Bilaspur was associated with Nagpur, Aurangabad, Mumbai, Raipur, Bhopal in 1988 through Vayudoot service.

The Indian Army intends to take over the airport and establish a training facility for the special forces. The existing para-military commando training facility at Nahan, Himachal Pradesh is to be shifted to Bilaspur, Chhattisgarh. The Army wants use of the entire airport while AAI has made a "conditional offer" of parting with 377 acres while retaining 56 acres for a civil enclave.  On 7 December 2018 Bilaspur Airport got the commercial licence from Directorate General of Civil Aviation (India) for operating (19 seater Aircraft 2C VFR category) commercial flights. On 27 January 2021 Bilaspur Airport got the commercial licence from Directorate General of Civil Aviation (India) for operating (72 seater Aircraft 3C VFR category) commercial flights.

On 27 January 2021 Bilaspur Airport got the commercial licence from Directorate General of Civil Aviation (India) for operating (72 seater Aircraft 3C VFR category) commercial flights.
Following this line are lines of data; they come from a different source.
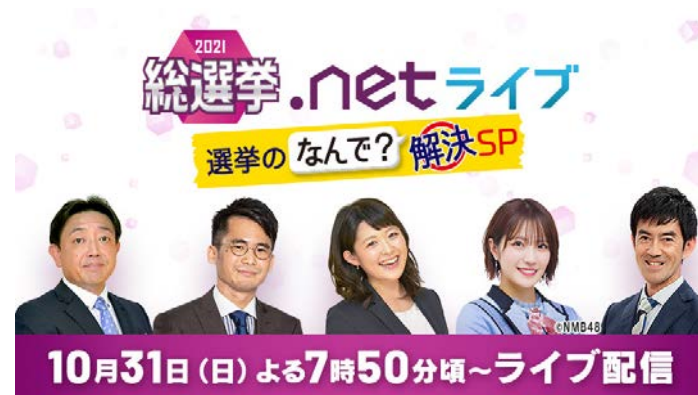
▲ 読売テレビ × UMF Web特番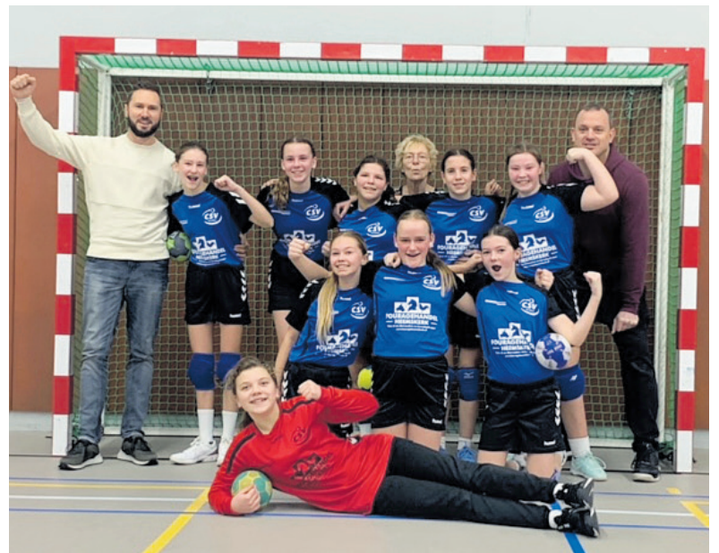
Jeugdteam D2 in 2022.

waarde van 150 euro. Op 4 november volgt de superloterij met prijzen als een uur vliegen voor twee personen, het bijwonen van een festival backstage met Kris Kross Amsterdam en overnachting inclusief ontbijt voor twee personen en is opnieuw een luxe verzorgingspakket.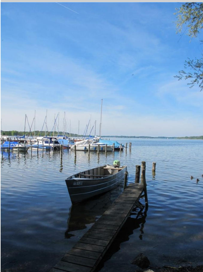
Anlegestelle am Chiemsee

On 2 February 2021, Union Civil Aviation Minister, Hardeep Singh Puri announced that commercial flight services will be operational from Bilaspur airport to Prayagraj, Delhi, Bhopal, Jabalpur from 1 March 2021.

Airfield
Elevation of the airfield is 276 metres above mean sea level.
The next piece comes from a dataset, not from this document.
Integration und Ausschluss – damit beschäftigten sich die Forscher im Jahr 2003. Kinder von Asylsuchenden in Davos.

Runway 17/35 is 1,535 metres long and 30 metres wide with turning pads at both ends.  A 630 metre long taxiway connects the runway to a small Helipad cum apron.
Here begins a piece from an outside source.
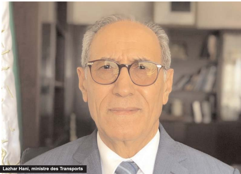
Lazhar Hani, ministre des Transports

Plusieurs mois après le déconfinement, certains moyens de transport restent toujours à l'arrêt, causant le mécontentement des usagers. Lors de son intervention, hier, au Forum de la Radio nationale, le ministre des Transports, Lazhar Hani, s'est exprimé sur la possibilité de la reprise des différents moyens de transport qui sont à l'arrêt depuis des mois en raison de la pandémie de Covid-19. Concernant la reprise des vols internationaux depuis et vers l'Algérie, question qui suscite beaucoup d'intérêt de la part des citoyens algériens, notamment ceux qui résident en dehors du pays, le ministre a assuré que «la décision de la réouverture des vols à l'internationale sera prise après la consultation du Comité scientifique chargé du suivi de l'évolution de l'épidémie de coronavirus», expliquant que «nous ne pouvons pas nous prononcer sur la question, du moment que la décision revient aux hautes autorités du pays et au Comité scientifique». Le ministre a tenu à préciser que la reprise des vols domestiques et l'opération de rapatriement, programmée pour ce mois en cours, se déroulent bien. «Les citoyens respectent le protocole sanitaire lors des vols domestiques et les vols destinés au rapatriement des Algériens et c'est bonne chose», a indiqué le ministre. S'exprimant sur les pertes engendrées par l'arrêt du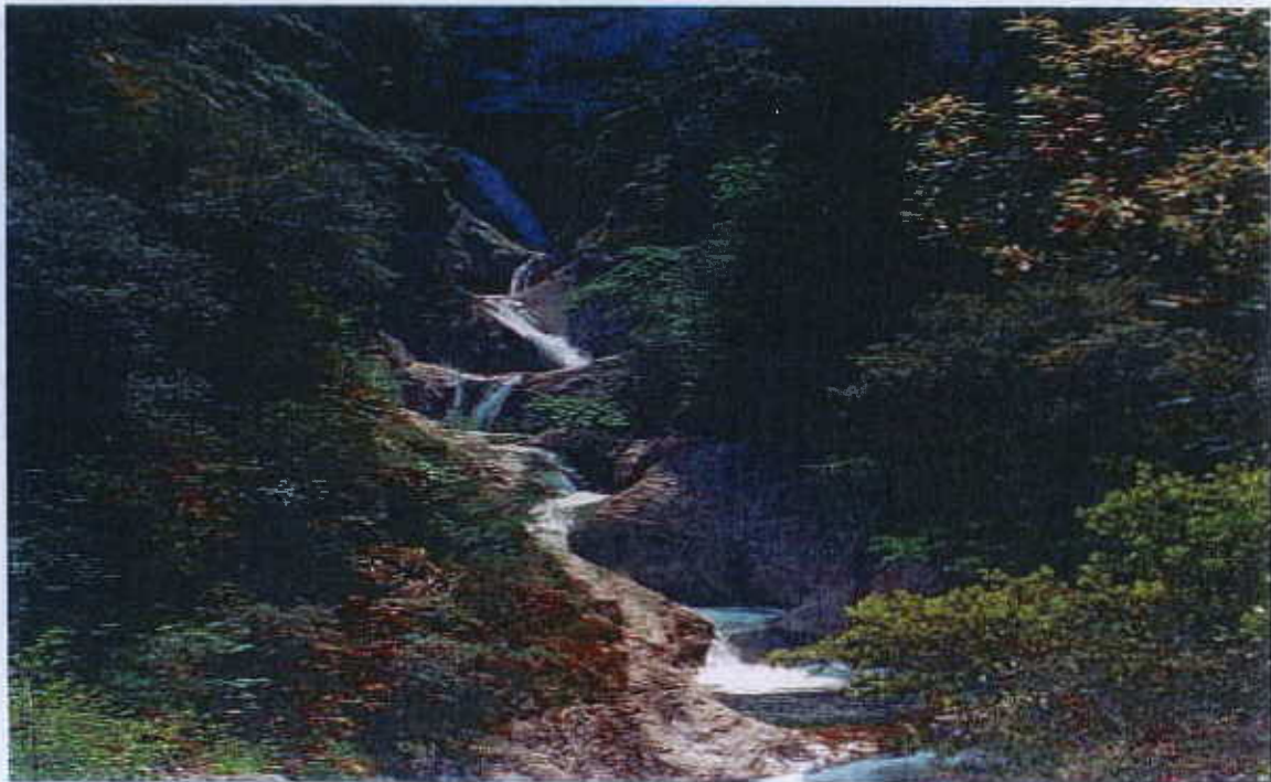
Cascades du Llech – commune d'ESTOHER

The runway is too small for the large commercial aircraft like Boeing 737 and Airbus A 320, which need a 2,190 metres in length and 45 metres in width (6,860 ft.) takeoff distance.  This means many low-cost carriers like AirAsia India and GoAir, which use a single plane type, cannot serve the airport until the runway is upgraded.

Airlines and destinations

Statistics

Indefinite strike

On 26 October 2019, numbers of local residents sat on an indefinite strike to protest against the Central and State Government for demanding Air connectivity in Bilaspur at a City Townhall named Raghvendra Rao Bhawan. Their demands were as follows: Bilaspur Should get a Full-fledged 4C Airport; Connectivity to Metro cities like Delhi, Mumbai, Chennai, Bengaluru; Runway extension of the Airport in order to accommodate wide-bodied Aircraft in Bilaspur Airport.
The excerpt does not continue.